Gabaix Xavier, Gopikrishnan Parameswaran, Plerou Vasiliki, Stanley H Eugene
Department of Economics, Massachusetts Institute of Technology, Cambridge, Massachusetts 02142, USA.
Nature. 2003 May 15;423(6937):267-70. doi: 10.1038/nature01624.
Insights into the dynamics of a complex system are often gained by focusing on large fluctuations. For the financial system, huge databases now exist that facilitate the analysis of large fluctuations and the characterization of their statistical behaviour. Power laws appear to describe histograms of relevant financial fluctuations, such as fluctuations in stock price, trading volume and the number of trades. Surprisingly, the exponents that characterize these power laws are similar for different types and sizes of markets, for different market trends and even for different countries--suggesting that a generic theoretical basis may underlie these phenomena. Here we propose a model, based on a plausible set of assumptions, which provides an explanation for these empirical power laws. Our model is based on the hypothesis that large movements in stock market activity arise from the trades of large participants. Starting from an empirical characterization of the size distribution of those large market participants (mutual funds), we show that the power laws observed in financial data arise when the trading behaviour is performed in an optimal way. Our model additionally explains certain striking empirical regularities that describe the relationship between large fluctuations in prices, trading volume and the number of trades.

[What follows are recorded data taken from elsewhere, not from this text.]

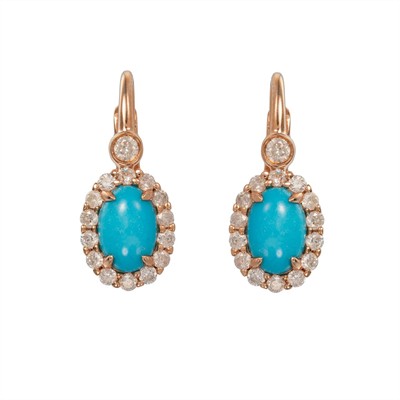 č. 182 205 Zlaté náušnice s tyrkysy a diamanty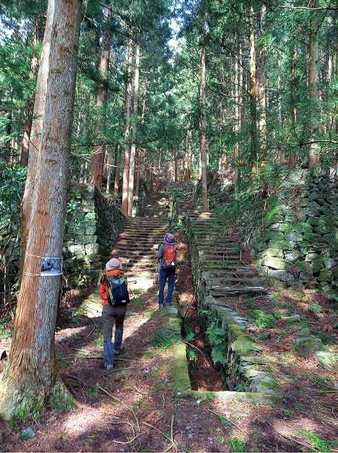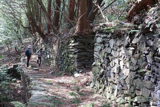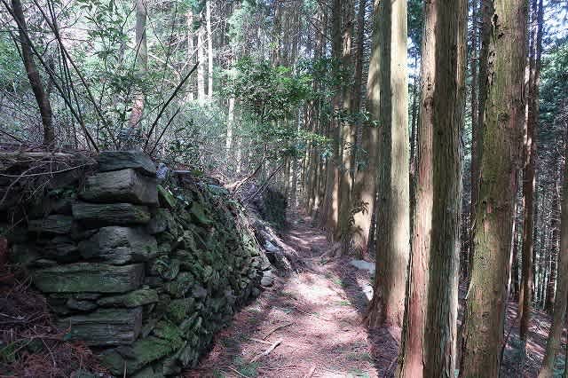 道の傾斜は緩くなってきたが石積みはまだ残っている。さすがにこの辺りの石積みは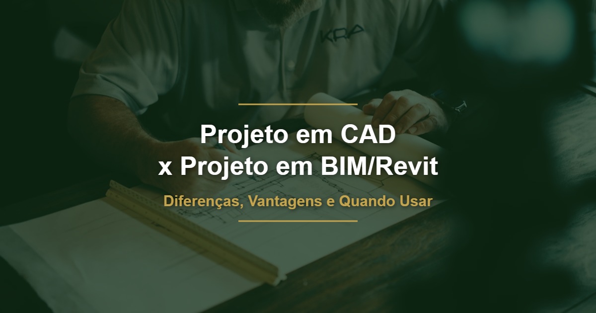 - Dimensão do projeto: CAD trabalha em 2D (plantas e cortes separados); BIM trabalha em 3D com todas as vistas integradas ao mesmo modelo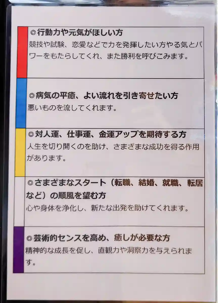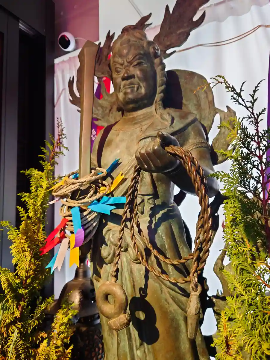 左手の縄にて厄難をつかみ取り、右手にもつ剣にて立ち切ります。滝の浄水が全てを浄化するように、頭や心の中の曇りが浄められるとお参りされています。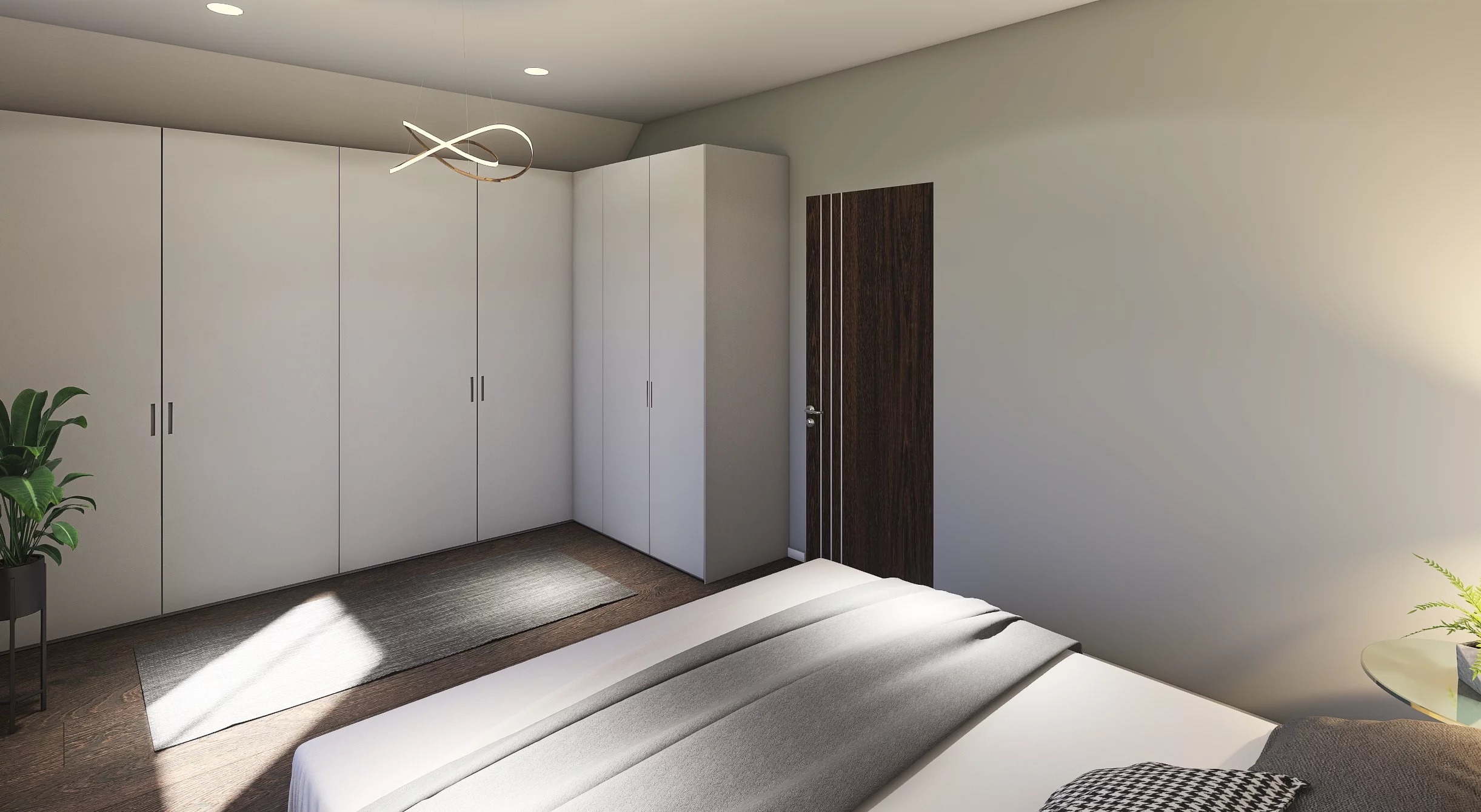 V každém z pokojů je navržen dostatek prostoru pro instalaci vestavěné skříně.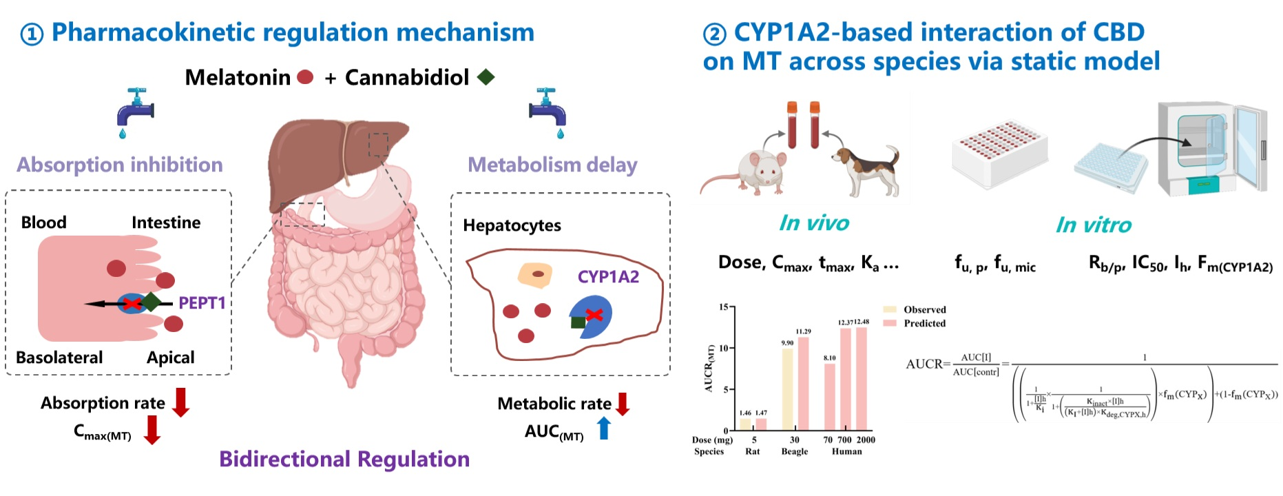 Despite the valuable findings of this study, several limitations should be acknowledged: First, the CBD doses employed in animal experiments may not fully encompass the clinically relevant concentration range, which could restrict the translational relevance of the observed in vivo DDI patterns. Second, the specific contribution of the PEPT1 transporter to MT’s intestinal absorptive process in humans, as well as its associated quantitative parameters (e.g., transport efficiency, fraction absorbed via PEPT1), has not been directly verified, limiting the accuracy of extrapolating intestinal absorption regulation mechanisms to the human population. Additionally, this study only investigated the impact of CBD on the pharmacokinetics profiles of MT; given that CBD itself exhibits sleep-regulating properties, the direct influence of their co-administration on MT’s pharmacodynamic effects (e.g., sleep initiation/sustainment efficacy) remains to be further elucidated.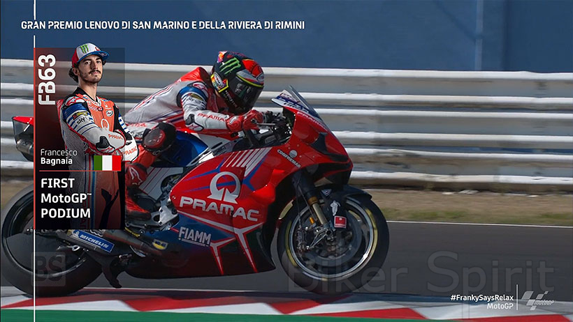 Στην 2η θέση ο εκπληκτικός Pecco Bagnaia με την δορυφορική Ducati, όπου έκανε ένα φοβερό αγώνα ξεκινώντας από την 6η θέση, γράφοντας εκπληκτικούς χρόνους και έχοντας έναν πολύ δυνατό ρυθμό προσπέρασε τους πάντες φτάνοντας στην 2η θέση, 2 δευτερόλεπτα πίσω από τον νικητή, κερδίζοντας το πρώτο του βάθρο στην μεγάλη κατηγορία!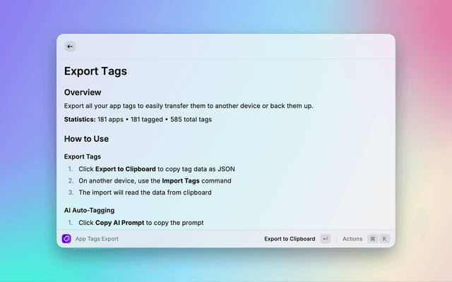 The extension includes a carefully crafted prompt for AI assistants to automatically generate relevant tags for your applications. After exporting your tags: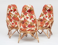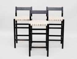3 barstolar "Schablon", svartlackerad stomme i bok, sits i flätad sadelgjord, höjd 87, sitthöjd 66 (färgslitage på samtliga samt fläckar)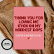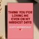 Celebre sua mãe com um cartão engraçado e sincero do Dia das Mães que ela nunca esquecerá. Este cartão imprimível é perfeito para expressar gratidão à sua mãe por amá-lo(a) mesmo nos dias mais difíceis.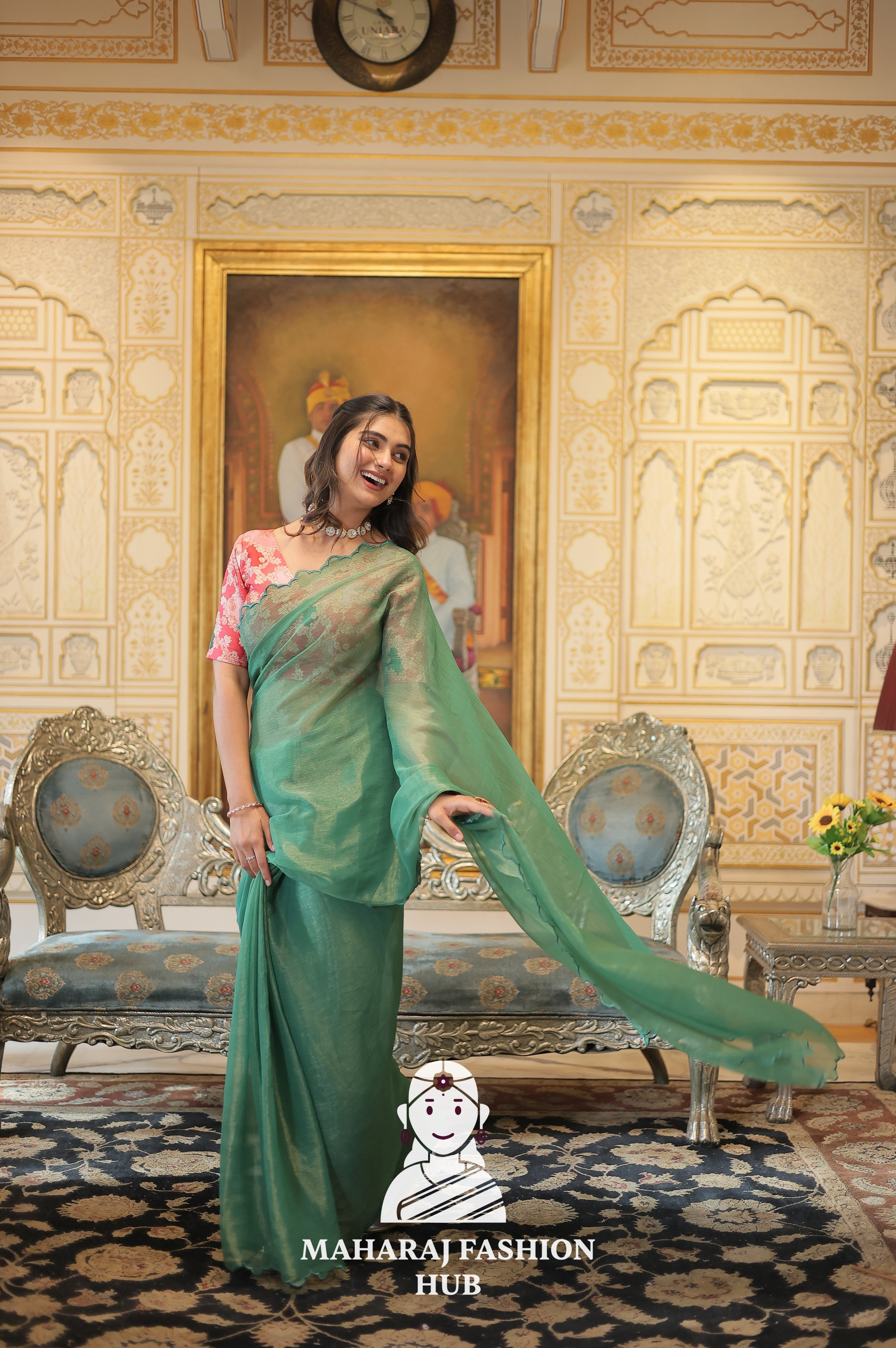 Crafted with the finest Gold Coin fabric, these sarees offer a lustrous drape and luxurious texture that gracefully flows with every movement. The intricate Arko Cut Work Border adds a regal touch, giving each saree a unique blend of subtle glamour and heritage charm.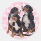 Pegatina Redonda Perros de montaña de Berna con corazones rosas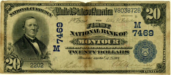 Recently a Tama County resident produced a copy of a $20 bill issued by the First National Bank of Montour, with printing date of October 24, 1904, and signatures of R.E. Austin, cashier and O.L. Millard, President. This has become a topic of conversation for many of those who had connections with Montour.
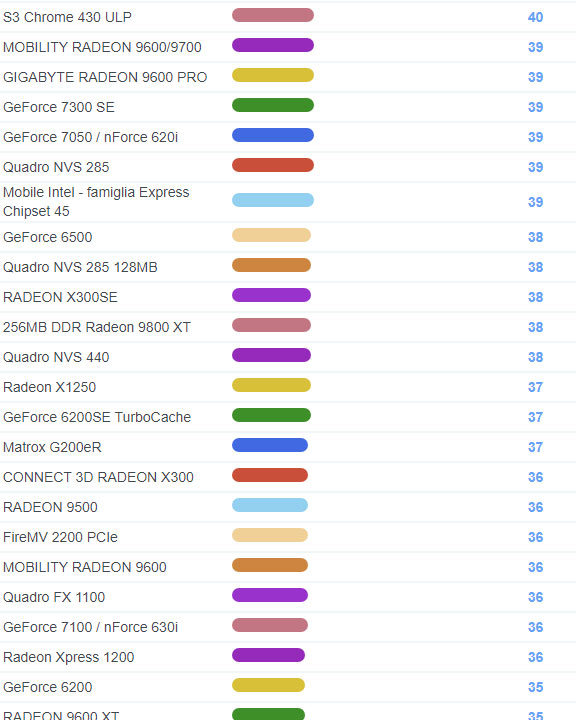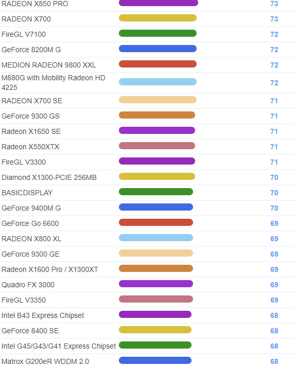 | 1726 | Radeon HD 2400 Pro | 114 |

对复杂系统动态的洞察往往通过关注大幅波动来获得。对于金融系统而言,如今存在大量数据库,便于对大幅波动进行分析并刻画其统计行为特征。幂律似乎能描述相关金融波动的直方图,比如股价波动、交易量波动和交易次数波动。令人惊讶的是,表征这些幂律的指数在不同类型和规模的市场、不同市场趋势甚至不同国家都是相似的——这表明可能存在一个通用的理论基础来支撑这些现象。在此,我们基于一组合理的假设提出一个模型,该模型为这些经验幂律提供了解释。我们的模型基于这样一个假设,即股票市场活动中的大幅波动源于大型参与者的交易。从对那些大型市场参与者(共同基金)规模分布的经验刻画出发,我们表明当交易行为以最优方式进行时,在金融数据中观察到的幂律就会出现。我们的模型还解释了某些显著的经验规律,这些规律描述了价格大幅波动、交易量和交易次数之间的关系。